- **Data segment**
☆ ☆ ☆ ☆ ☆ ☆ ☆

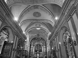 Las dos naves laterales de la iglesia están llenas de esculturas de santos colocados en retablos cubiertos de pan de oro, ante quienes cientos de fieles se arrodillan todos los días para implorar "intercesiones" milagrosas.[4]
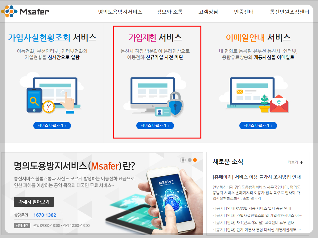 메인화면 | Msafer 명의도용방지서비스
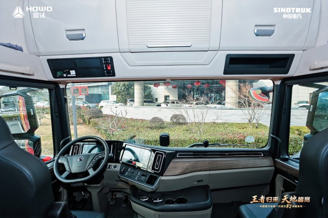 何為真正的舒闊?全新一代豪沃KS以精準至毫米的匠心回應——大空間,容萬物,攬巨富!其駕駛室一切細節(jié)均打造圍繞卡友所需,內部縱深2450mm,讓每一次轉身與舒展都從容不迫;2250mm的超寬全景視野,告別盲區(qū)束縛,駕駛休憩更通透;配合2150mm的層高,直立行走不弓腰,取物、整理被褥毫無局促感。不僅如此,駕駛室搭載環(huán)境智能調控,可自動調節(jié)座艙溫度、風量,精準適配不同工況與天氣,時刻保持舒適體感;全場景居家化智能設計,將智能便捷融入休憩、儲物等每一個日常場景,滿足卡友多樣化生活需求,讓駕駛室更有“家”的溫暖。

☆ ☆ ☆ ☆ ☆ ☆ ☆

- **Work to be completed**
Only these lines belong in the answer: the first line of the listing above through the line holding "메인화면 | Msafer 명의도용방지서비스", printed exactly and without pictures.

- **Expected output**
 Las dos naves laterales de la iglesia están llenas de esculturas de santos colocados en retablos cubiertos de pan de oro, ante quienes cientos de fieles se arrodillan todos los días para implorar "intercesiones" milagrosas.[4]
 메인화면 | Msafer 명의도용방지서비스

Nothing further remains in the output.